-¡El que haga el gol gana! –Sentenció Pecas, el goleador del otro equipo–.
Habíamos empezado perdiendo. Moreno no estaba fino con el balón; Juancho no tenía puntería; Arturo estaba manisuelto. Nuestro eterno rival, el equipo de la otra cuadra, era todo lo contrario: movía el balón con presteza y finura; se entretenían, se divertían. Sabíamos que no había lugar a la derrota, más que el litro de gaseosa que habíamos apostado, lo importante era salir victoriosos, luego nos deleitaríamos con los repasos de las mejores jugadas del juego –y las más desafortunadas, claro: “Moreno se come hasta un moco ajeno”– bajo la frondosa sombra de un robusto árbol. Jugábamos todos los sábados, a eso de las diez de la mañana. Generalmente se presentaban contrariedades: no había balón, la cancha estaba ocupada, los manes que fumaban en la noche se habían levantado muy temprano; y sin embargo siempre terminábamos ahí: en cualquier improvisado escenario, haciendo de las camisetas arcos de juego, intentando hacer de una bolsa rellena de papeles el balón con el que se marcarían los goles. Goles que, por buenos o malos que fueran, nunca veríamos en una pantalla, pero que –sin saberlo– ocuparían un importante lugar en la memoria: como ese de tijera que desde la mitad de la cancha hizo El enano, o ese arco solo y esa cabeza cuadrada de Wilson.

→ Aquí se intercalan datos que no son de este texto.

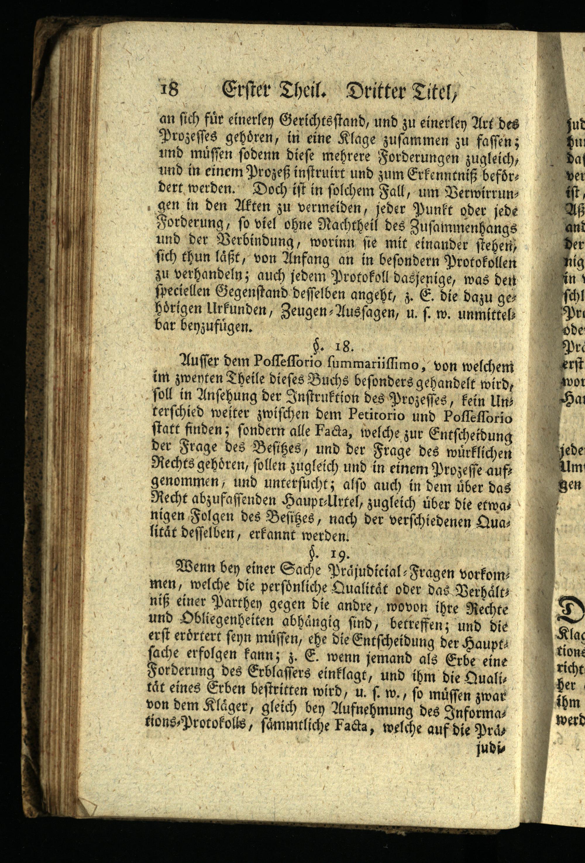 Auffer dem Poffefforio fummariiffimo, von welchemi im zwenten Theile dieses Buchs besonders gehandelt wird, foll in Ansehung der Instruktion des Prozesses, kein Uns terschied weiter zwischen dem Petitorio und Poffefforio statt finden; sondern alle Facta, welche zur Entscheidung der Frage des Besizes, und der Frage des wirklichen Rechts gehören, sollen zugleich und in einem Prozesse auf genommen, und untersucht; also auch in dem über das Recht abzufassenden Haupt- Urtel, zugleich über die etwas nigen Folgen des Besizes, nach der verschiedenen Qua lität desselben, erkannt werden.
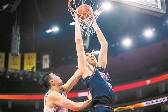 周琦(右)在比赛中上篮 新华社发

Ay Wilson…
Eso era para nosotros el fútbol. Esa competición en la que se dejaba todo. Esas ganas de abrazar al otro, esas ganas de golpearlo. Esa pasión que le restaba importancia a la inclemencia del sol, a la fuerza de la lluvia, que nos hacía olvidar del resfrío y de la tarea de Química. Eso que forjaba nuestra amistad o que, en un acto de comprensible estulticia, la descomponía. Eso que hoy ya no es lo mismo.
Desencantarse del fútbol (?) a pesar de que gran parte de la infancia está rodeada de recuerdos en una cancha de juego tiene varias razones: para empezar, la forma en que con este deporte se ha infundado en la gente una suerte de fatuo patriotismo. Los medios que promueven esta competencia propagan una serie de fervor nacional sinuoso, pues detrás de esto hay intereses económicos (como las empresas que pautan en sus transmisiones); es verdad que una selección representa un país, pero es mendaz hacer creer que es más ciudadano quien hace de cada partido una parranda, o quien se vale de cualquier ardid con fin de asistir a un escenario deportivo o, incluso, conseguir una camiseta de fútbol. Eso hace parte de una estrategia de mercado que, la verdad sea dicha, no todos advierten. Todos tenemos derecho a elegir las pasiones, es indudable, pero entonces conviene recordar que es bajo estas estrategias de marketing que se hace del fútbol una herramienta mediante la cual se resta importancia a temas axiales –como los casos de corrupción que hoy despiertan el exacerbamiento de algunos chilenos–. Estrategia con la que se legitiman aciagas épocas como las que pasaron en la Italia de Mussolini y en la Argentina de Videla. Y ahora sabemos lo que pasó en Sudáfrica, y lo que podría pasar en Rusia y Qatar.
La desnaturalización del fútbol llegó cuando el “Fondo Monetario Internacional” de este deporte, la Fifa, se dedicó a desproporcionarse con las formas de hacer dinero. Es una percepción hipócrita, lo sé, pero cada que me da por ver un partido de esos que tanto dinero mueve, verbigracia esos de la Champions, me acuerdo del despilfarro que hay detrás. Y los termino abandonando.
Pero luego, ay luego, me acuerdo de ese partido que a pesar de haber empezado perdiendo empatamos y ganamos, me pongo a repasar la victoria del Deportivo Cali, me pongo a leer los magníficos cuentos de Soriano y Sacheri.
Qué le puedo hacer. La culpa no es del fútbol.